Enfant de la balle, Rose-Marie Schneider est issue d'une longue lignée de comédiens allemands, monte sur les planches dès 15 ans, dans les années 50, afin de donner la réplique à sa mère. Sa frimousse, ses yeux d'un bleu grisé et grisant et sa spontanéité la voit personnifier une Sissi, l'impératrice d'Autriche, bien plus charmante encore que son modèle. La voilà star allemande à 17 ans.
Plutôt que de se laisser bercer par le 'yodlement' sous le balcon à géraniums, en 1958, elle part en France, sans connaître un mot de français, et tourne avec Pierre Gaspard-Huit "Christine", remake d'un film allemand de Max Ophüls, dans lequel jouait Magda, la mère de Romy. C'est elle qu choisit le jeune Alain Delon comme partenaire, lequel deviendra son compagnon. Avec lui, elle joue au théâtre "Dommage que ce soit une putain" de John Ford (le contemporain de Shakespeare, pas le réalisateur américain) sous les ordres de Luchino Visconti. L'un de ses maîtres dira-t-elle, avec Coco Chanel qui l'habille et la moule.
Romy Schneider prend des risques, tourne six films à Hollywood dont le procès avec Orson Welles, ou une loufoquerie avec Peter Sellers et Woody Allen entre autres, "What's New Pussy Cat?", assurant elle-même les doublages en allemand et français. Elle ose tout, même les dernières expériences de Henri-Georges Clouzot avec "L'enfer", jamais terminé, le tyrannique metteur en scène étant victime d'une crise cardiaque pendant le tournage.
Les choses de sa vie
Tout ceci nous est raconté au travers d'affiches, de photographies rares de tournages, de robes, d'extraits, dont notamment l'érotissime tiré de "La piscine", de Jacques Deray, avec... Delon.

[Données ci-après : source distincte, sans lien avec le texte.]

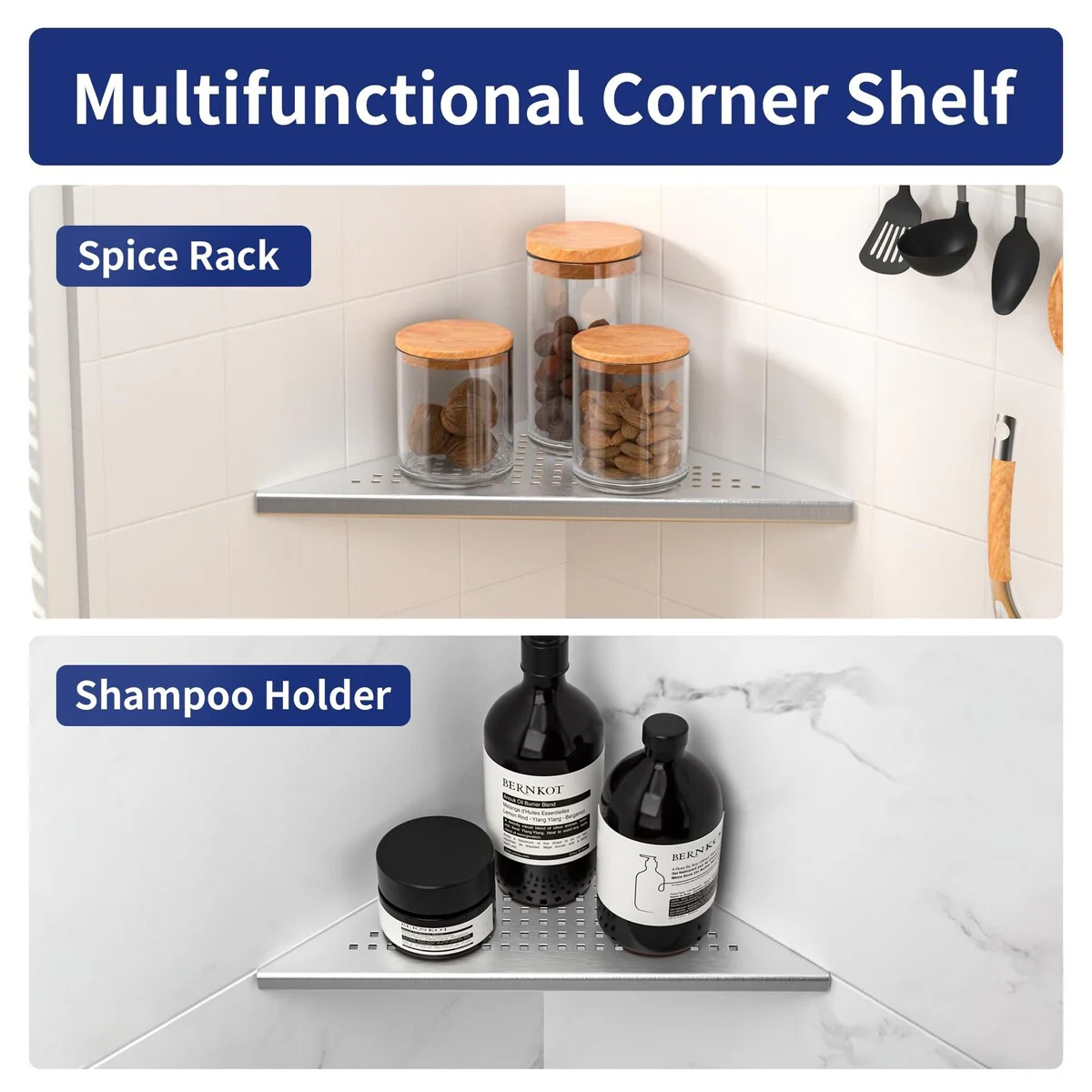【Space Saving & Modern Style】Our corner floating shelves are designed for organizing your bathroom and kitchen. They are ideal for holding your shampoo, body wash, cream, razor, seasonings and more. Please note that shelves are ONLY for 90°corners, it is a great choice for both narrow and broad bathroom spaces.

Lors des synchronisations du film aux studios de Boulogne, elle croise Claude Sautet, qu'elle subjugue. Un réalisateur avec qui elle tournera cinq films, dont le premier sera "Les choses de la vie". Avec lui, la relation de soutien et d'écoute est réciproque.
Romy, qui est splendide, se révèle également drôle, à voir le petit mot qu'elle laisse à son "Clo" (Claude) en s'excusant d'être partie "faire dodo" ; et de conclure: "Fa va come Za?" en imitant l'accent allemand.
Mais Romy la perfectionniste est aussi angoissée, jamais satisfaite, en éternel besoin de reconnaissance et d'amour ("elle n'est pas paisible", disait d'elle Michel Piccoli). Elle qui, dans ses dernières années, accepte des projets d'inconnus comme celui de Francis Girod, 29 ans à l'époque, qui signe "Le trio infernal".
Le symbole d'une femme de la deuxième moitié du 20e siècle, qui a débuté potiche mais s'est libérée à tout point de vue, a fait vaillamment des choix risqués ("Ludwig", projet insensé de Visconti). Une mère également, dévastée par la mort tragique de son jeune fils David, et décédée à 43 ans à peine (pour une carrière "vieille" déjà de près de 30 ans) d'un arrêt cardiaque, qui s'est sans doute laissée mourir...
Ceci alors que celle qui, bébé, se retrouva dans les bras de Hitler (d'où, à l'inverse, sa contribution à des films comme "Le train" ou "Le vieux fusil", et trois autres films sur le nazisme) envisageait, au travers du projet "Cocaïne", de se placer sous l'oeil de la caméra du provocateur anarchiste allemand Rainer Werner Fassbinder... De six ans son cadet, il décède en juin 1982, 12 jours après la disparition de Romy.